Data Gempa dan Perbedaan Besaran Magnitude 04/08/2011 by gempa padang
Bila terjdi sebuah gempa di suatu daerah ,stasiun pencatat gempa akan menghasilkan informasi seismik berupa rekaman sinyal berbentuk gelombang yang setelah melalui proses manual atau non manual akan menjadi data bacaan fase (phase reading data). Informasi seismik selanjutnya mengalami proses pengumpulan, pengolahan dan analisis sehingga menjadi parameter gempa. Parameter gempa tersebut meliputi : Waktu kejadian gempa, Lokasi episenter, Kedalaman sumber gempa, Kekuatan gempa, dan Intensitas gempa. Waktu kejadian gempa (Origin Time) adalah waktu terlepasnya akumulasi tegangan (stress) yang berbentuk penjalaran gelombang gempa dan dinyatakan dalam hari, tanggal, bulan, tahun, jam, menit, detik dalam satuan UTC (Universal Time Coordinated). Episenter adalah titik di permukaan bumi yang merupakan refleksi tegak lurus dari Hiposenter atau Fokus gempabumi. Lokasi Episenter dibuat dalam sistem koordinat kartesian bola bumi atau sistem koordinat geografis dan dinyatakan dalam derajat lintang dan bujur. Kedalaman sumber gempa adalah jarak hiposenter dihitung tegak lurus dari permukaan bumi. Kedalaman dinyatakan oleh besaran jarak dalam satuan KM. Kekuatan gempa atau Magnitude adalah ukuran kekuatan gempa, menggambarkan besarnya energi yang terlepas pada saat gempa terjadi dan merupakan hasil pengamatan Seismograf. Magnitude menggunakan skala Richter (SR). Intensitas gempa adalah ukuran kerusakan akibat gempa berdasarkan hasil pengamatan efek gempa terhadap manusia, struktur bangunan dan lingkungan pada tempat tertentu, dinyatakan dalam skala MMI (Modified Mercalli Intensity). Berdasarkan kekuatannya atau magnitude (M), gempa dapat dibedakan atas : 1. Gempa sangat besar dengan magnitude lebih besar dari 8 SR. 2. Gempai besar magnitude antara 7 hingga 8 SR. 3. Gempa merusak magnitude antara 5 hingga 6 SR. 4. Gempa sedang magnitude antara 4 hingga 5 SR. 5. Gempa kecil dengan magnitude antara 3 hingga 4 SR . 6. Gempa mikro magnitude antara 1 hingga 3 SR . 7. Gempa ultra mikro dengan magnitude lebih kecil dari 1 SR .
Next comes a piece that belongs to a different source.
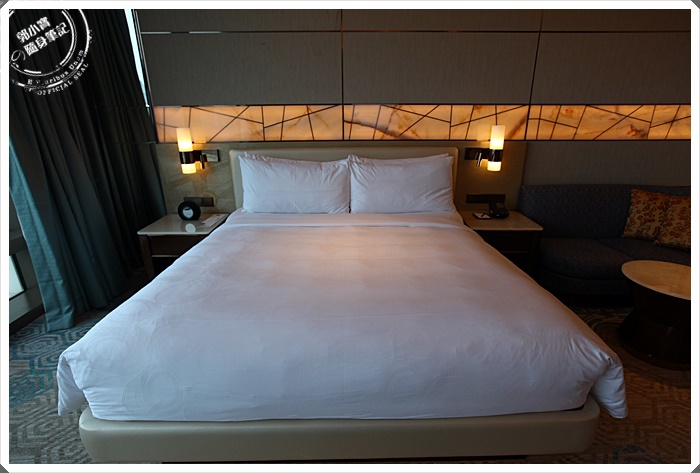 最重要的就是這一張大床了,萬豪酒店的枕頭比較軟,所以各放了四顆讓客人調整,寢具的部分都有太陽暖烘烘的味道,床墊的部分我覺得滿特別的,除了本身的床墊以外,上面還特別加了一層乳膠墊的感覺,睡起來感覺狠硬,但是睡醒來卻不會腰酸背痛,超好睡的,床架延邊也都是棉皮包裹,避免客人撞到腿,床頭兩邊都有燈光中控,重點景觀落地窗的窗簾也是自動的,睡醒拉開出連讓陽光灑在臉上的感覺超舒服。
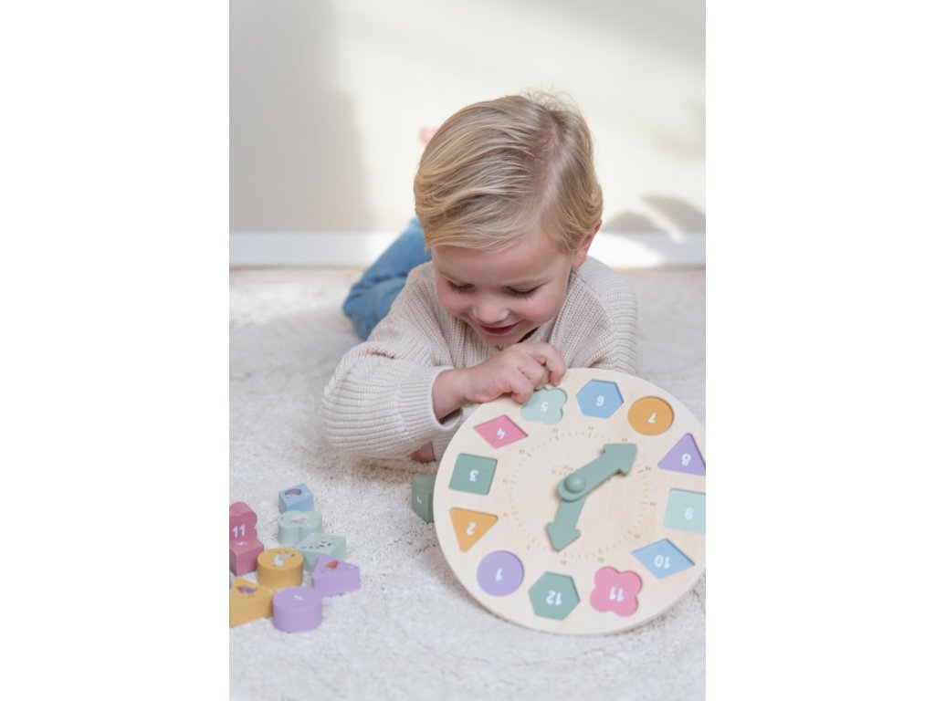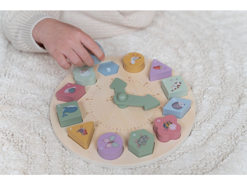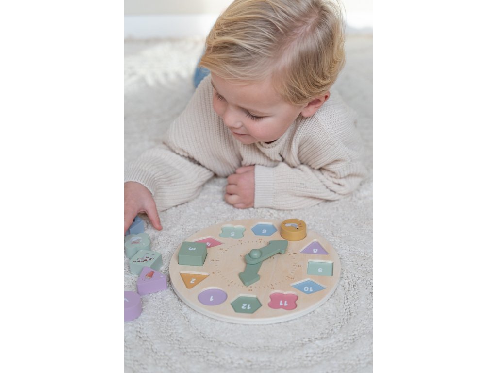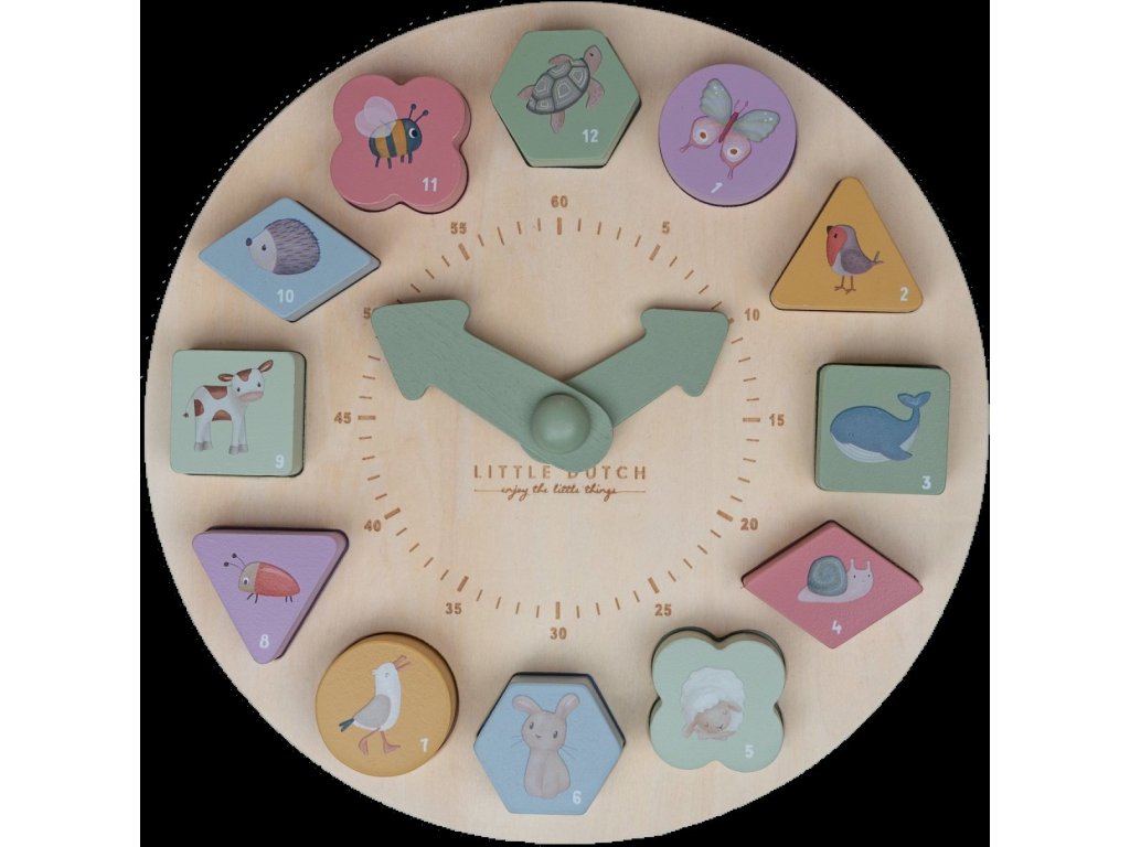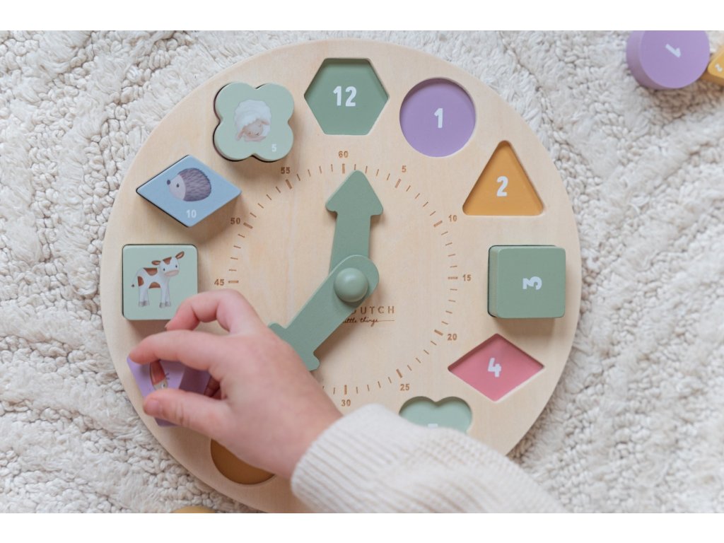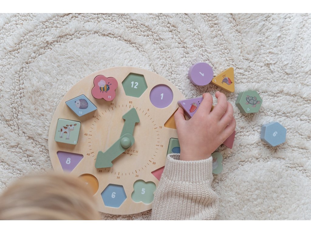 S pomocí puzzle hodin Little Dutch se děti učí rozpoznávat barvy, čísla, tvary i zvířátka.

Berdasarkan kedalaman sumber (h), gempabumi digolongkan atas : 1. Gempa dalam : h > 300 Km . 2. Gempa menengah : 80 < h < 300 Km . 3. Gempa dangkal : h < 80 Km . Berdasarkan tipenya gempa dapat dibedakan atas: TypeI : Pada tipe ini gempa utama diikuti gempa susulan tanpa didahului oleh gempa pendahuluan (fore shock). Type II :Sebelum terjadi gempa utama, diawali dengan adanya gempa pendahuluan dan selanjutnya diikuti oleh gempa susulan yang cukup banyak. Type III: Tidak terdapat gempa utama. Magnitude dan jumlah gempa yang terjadi besar pada periode awal dan berkurang pada periode akhir dan biasanya dapat berlangsung cukup lama dan bisa mencapai 3 bulan. Tipe gempa ini disebut tipe swarm dan biasanya terjadi pada daerah vulkanik.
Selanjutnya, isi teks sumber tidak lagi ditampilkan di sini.